▶ **TASK TO COMPLETE**
What you return should be only the lines in the entries below between the one holding "Die offene Küche" and the one holding "这是井冈山茅坪八角楼内临窗摆放的砚台、油灯和毛泽东的《中国的红色政权为什么能够存在?》等著作(4月10日摄)。 新华社记者 周科", ends included, with every picture left out.

▶ **RECORDS FOR THE TASK**
╔══

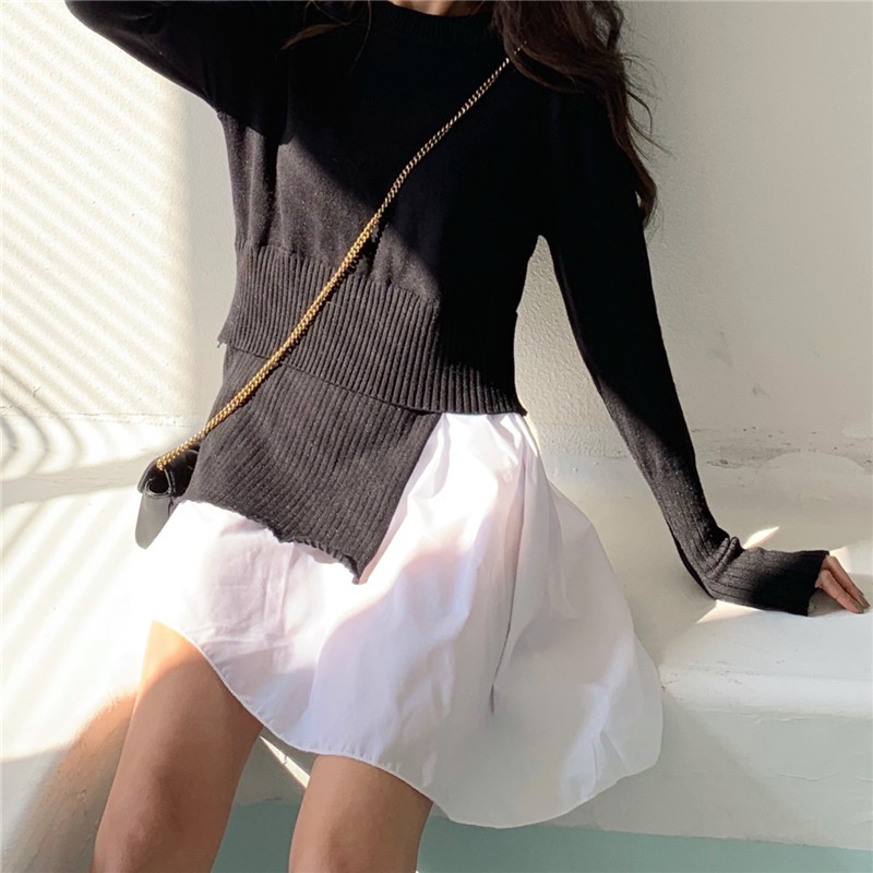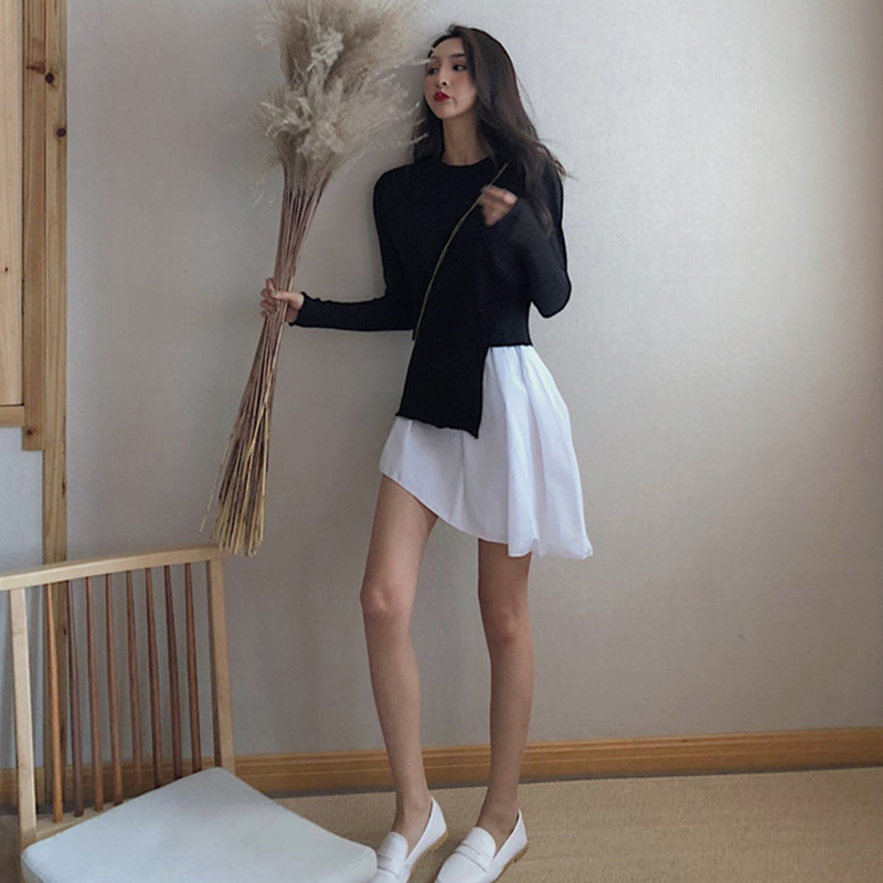 秋冬女裝2018新款時尚撞色拼接氣質A字egg連衣裙復古法式茶歇裙子
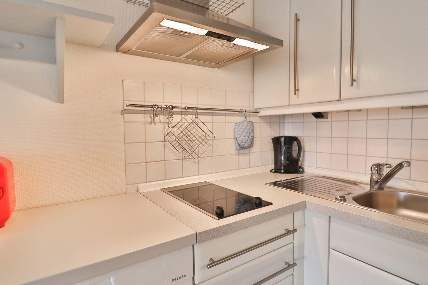 Die offene Küche mit Bartisch und -hockern für 2 Personen verfügt über eine Küchenzeile, die ausreichend Platz bietet, um ein leckeres Essen zuzubereiten. Hier finden Sie ein Spülbecken, einen kleinen Backofen, eine Mikrowelle, ein 2-Platten-Ceranfeld, eine Spülmaschine, einen Kühlschrank mit integriertem Gefrierfach, eine Filterkaffeemaschine, eine Tassimo-Kapselmaschine, Toaster und Wasserkocher. Neben diversen Küchenutensilien enthält die Küche eine gute Auswahl an Geschirr.
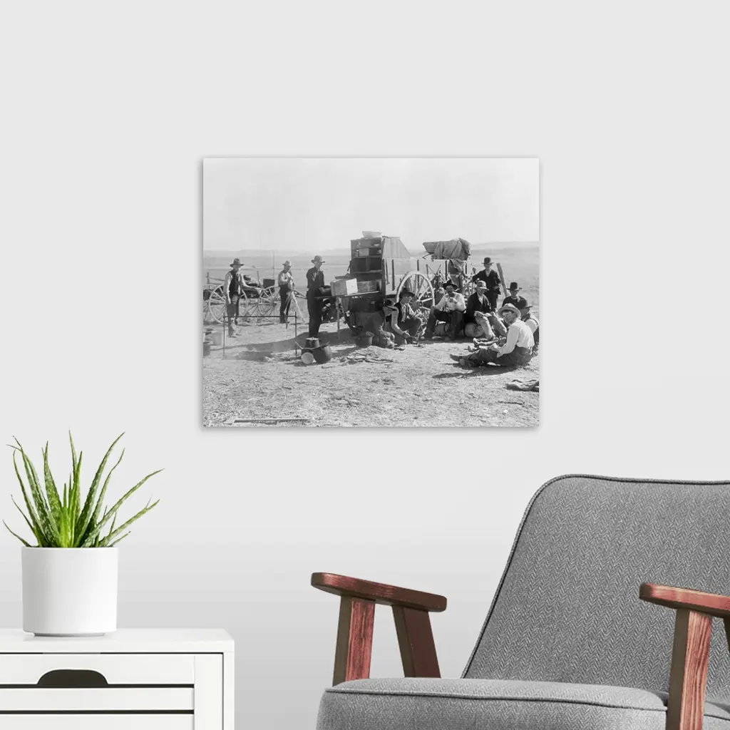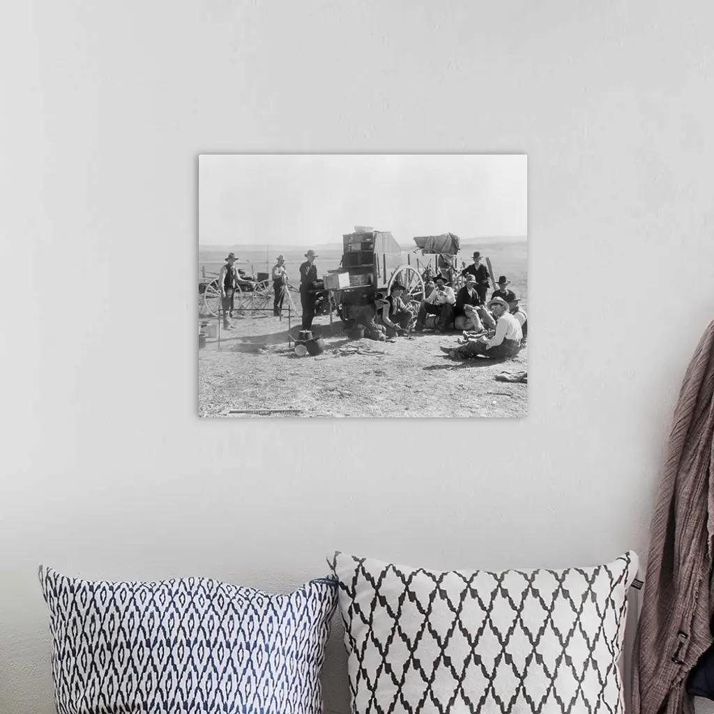 Cowboy Camp, C1900. A Group Of Cowboys Sitting And Standing Beside A Chuckwagon At A Campsite Near Barela, Colorado. Photographed By Otis A. Aultman, C1900.
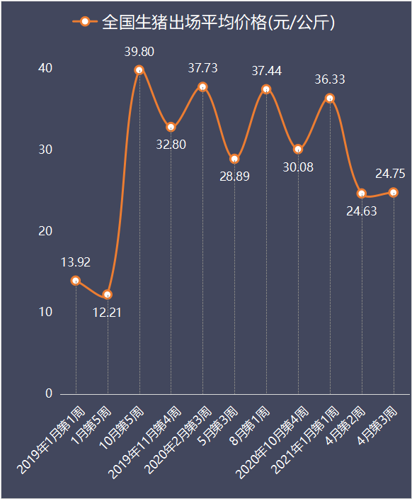 4月第3周的24.75元/公斤,较本轮高点36.33元/公斤跌去31.87%。把时间轴拉长到2019年1月以来,全国生猪出栏价格在10月第5周开始就不断往下调整,而最低点也越来越低。
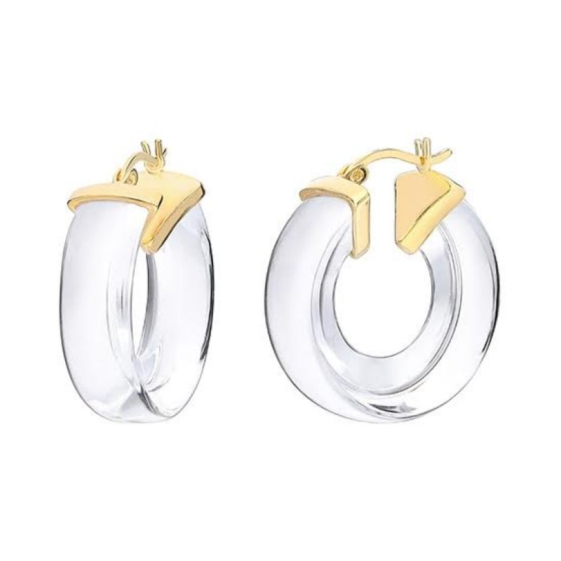 La lucite est une résine acrylique thermoplastique utilisée comme substitut du verre. Toutes les boucles d'oreilles sont sur argent plaqué or.
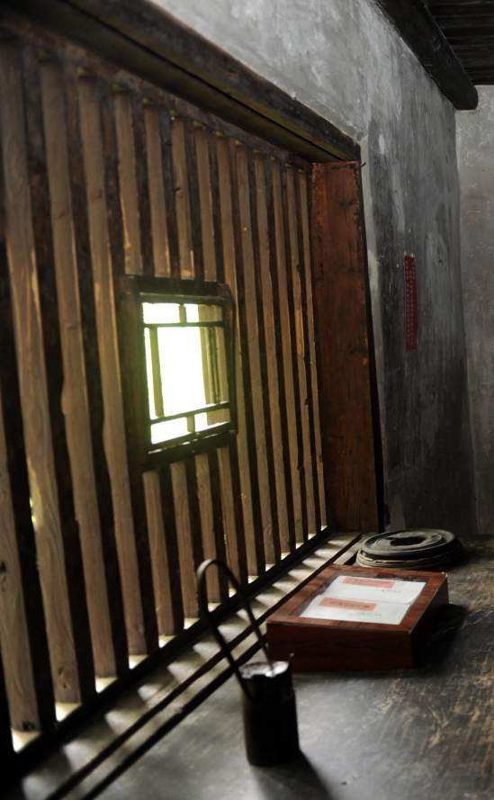 这是井冈山茅坪八角楼内临窗摆放的砚台、油灯和毛泽东的《中国的红色政权为什么能够存在?》等著作(4月10日摄)。 新华社记者 周科 摄
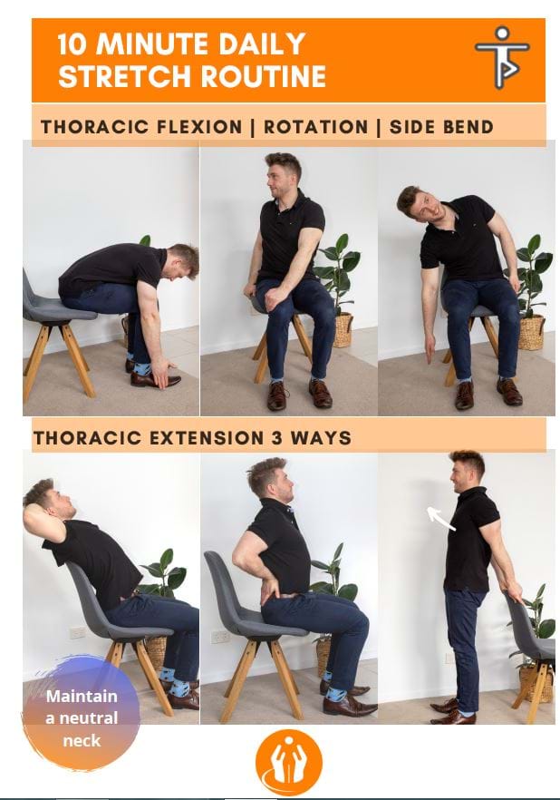 Neck rotation: Sitting down, keep shoulders still against a chair turn your head all the way to left and then repeat on right. How far did you get? Was it comfortable?
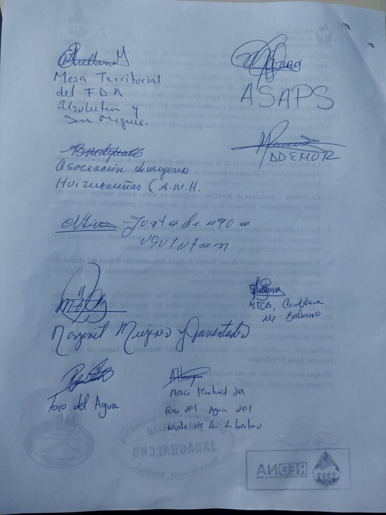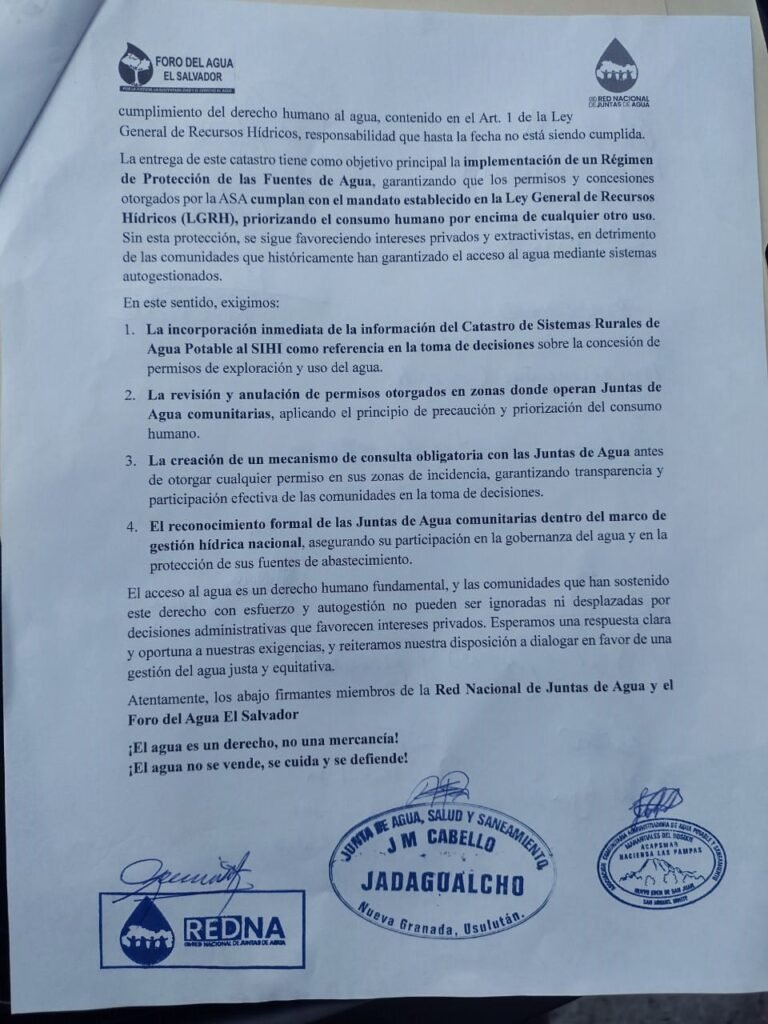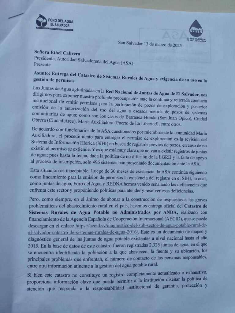 El día 13 de marzo, integrantes del Foro del Agua, que agrupa a 200 Juntas de Agua de 8 departamentos del país, presentaron una carta ante la Autoridad Salvadoreña del Agua (ASA) para exigir se respete su derecho al agua.

╚══

▶ **YOUR SOLUTION**
 Die offene Küche mit Bartisch und -hockern für 2 Personen verfügt über eine Küchenzeile, die ausreichend Platz bietet, um ein leckeres Essen zuzubereiten. Hier finden Sie ein Spülbecken, einen kleinen Backofen, eine Mikrowelle, ein 2-Platten-Ceranfeld, eine Spülmaschine, einen Kühlschrank mit integriertem Gefrierfach, eine Filterkaffeemaschine, eine Tassimo-Kapselmaschine, Toaster und Wasserkocher. Neben diversen Küchenutensilien enthält die Küche eine gute Auswahl an Geschirr.
 Cowboy Camp, C1900. A Group Of Cowboys Sitting And Standing Beside A Chuckwagon At A Campsite Near Barela, Colorado. Photographed By Otis A. Aultman, C1900.
 4月第3周的24.75元/公斤,较本轮高点36.33元/公斤跌去31.87%。把时间轴拉长到2019年1月以来,全国生猪出栏价格在10月第5周开始就不断往下调整,而最低点也越来越低。
 La lucite est une résine acrylique thermoplastique utilisée comme substitut du verre. Toutes les boucles d'oreilles sont sur argent plaqué or.
 这是井冈山茅坪八角楼内临窗摆放的砚台、油灯和毛泽东的《中国的红色政权为什么能够存在?》等著作(4月10日摄)。 新华社记者 周科 摄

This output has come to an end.